Hearing that, you might assume these objects to be priceless, one-of-a-kind items. In reality, the bulk of the pieces would be unmemorable if it weren't for the stories behind them. They speak less to those special occasions and more to our everyday lives. As Hyde says,
One of the most profound things that I've noticed is that a lot of these stories aren't birthday gifts, they're not anniversary gifts, they go into the everyday nature [of] relationships. It takes that. You can't just have one vacation and then everything's fine for the next year. It's the daily things that matter, and it's the daily communication.

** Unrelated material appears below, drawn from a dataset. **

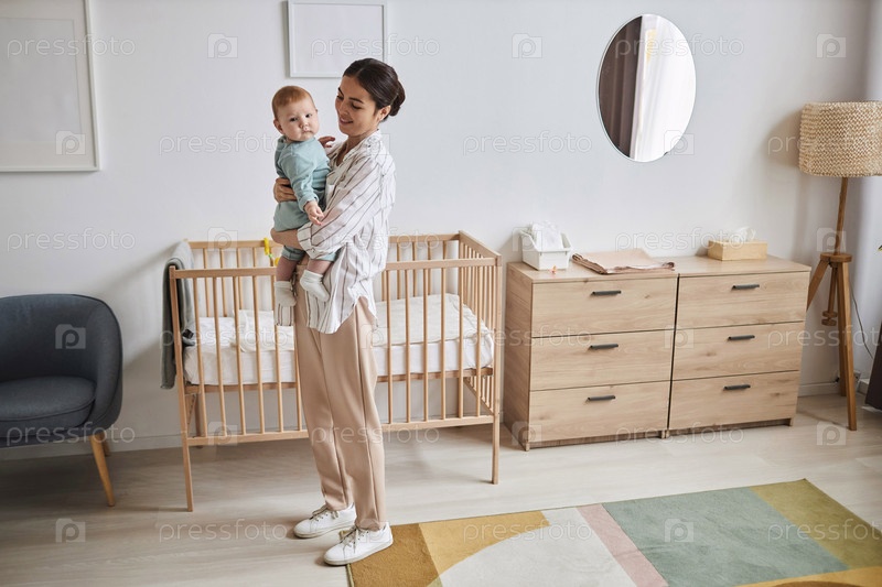 Улыбающаяся молодая мать, держащая мальчика в руках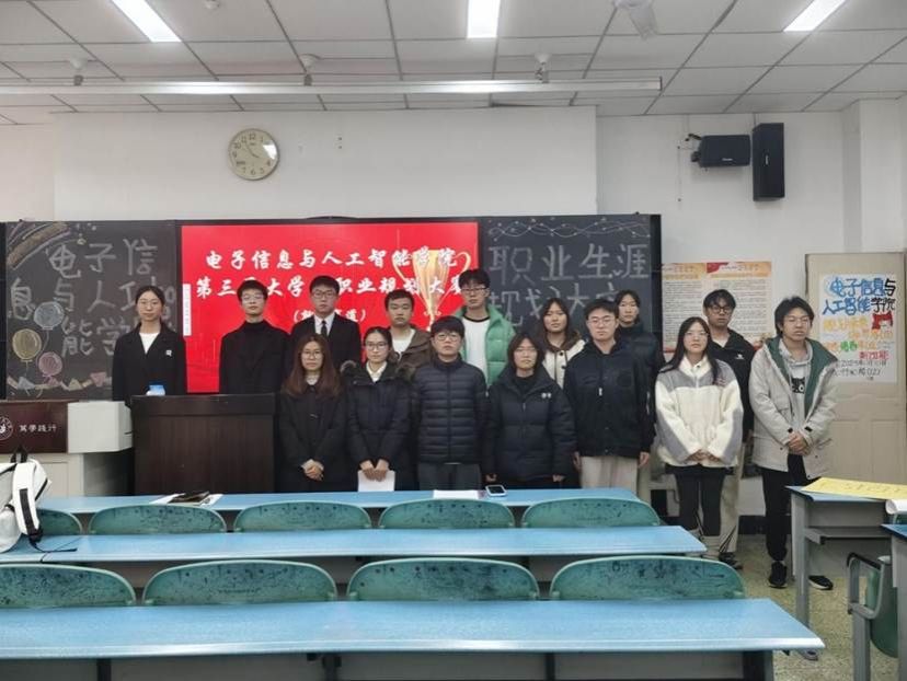 本网讯(文/陈娅、王浩然 图/王小艳、吕培涛)为引导学子明确职业方向,锤炼就业核心竞争力,以赛促学搭建职业发展交流平台,11月30日,电子信息与人工智能学院在行知楼111和112组织开展第三届职业生涯规划大赛。本次活动由AI引航辅导员工作室和学院易班分站共同主办,设成长赛道与就业赛道,覆盖全院各年级学生,辅导员王杰、徐星悦、主席团成员和学院部分同学共同参与。

It is in those countless unremarkable moments that all relationships either thrive or flounder. But when that bond dissolves, it can be hard to let go of the little things that proved it ever existed. While we've been told time and time again to shirk the physical baggage of broken relationships, the reality of moving on is much more complicated than filling boxes destined for Goodwill. On that point, Hyde says,
The interesting thing about these pieces is that most of them aren't very big. It wouldn't take up a lot of space in a drawer or in a closet or just in your life necessarily. But I do know that some people like to do the slash and burn, and that's fine. And when it comes down to it, all these people thought, 'This is the time for me to let this go.' So they didn't keep it at the end of the day. And they feel better for it.
Just knowing those objects will take on other lives can be part of the healing process. It'll also change the way you look at thrift stores forever--it's up to your imagination to decide whether that's for better or worse.
Clearly, there's a long history of people being intrigued by the personal stories behind everyday objects. Hyde recalls one story in which a writer did an experiment on eBay by writing fictional personal stories in the descriptions of some of the items he was selling. He found that those items sold for more than they would have had he not added something personal. The same could be said of the character (or lack thereof) in new houses versus old.
Which brings us back to the museum's primary message. While the theme may center around breakups, the overarching tone is anything but negative, as Hyde explains,
It's easy to look at the name [of the museum] and the topic and think, 'Oh, this is a depressing thing.' And it's not. I think it's very uplifting, personally. I think that you see you're not alone. We're all doing this together. We're all looking for the same things, and no matter who you are or where you are, we all bleed red. Our hearts all beat for the same reasons.
You can plan on catching the current installation for six months until they begin rotating in new pieces. The call for objects, Hyde says, is always open, so if you have an item and a story to tell, send them her way.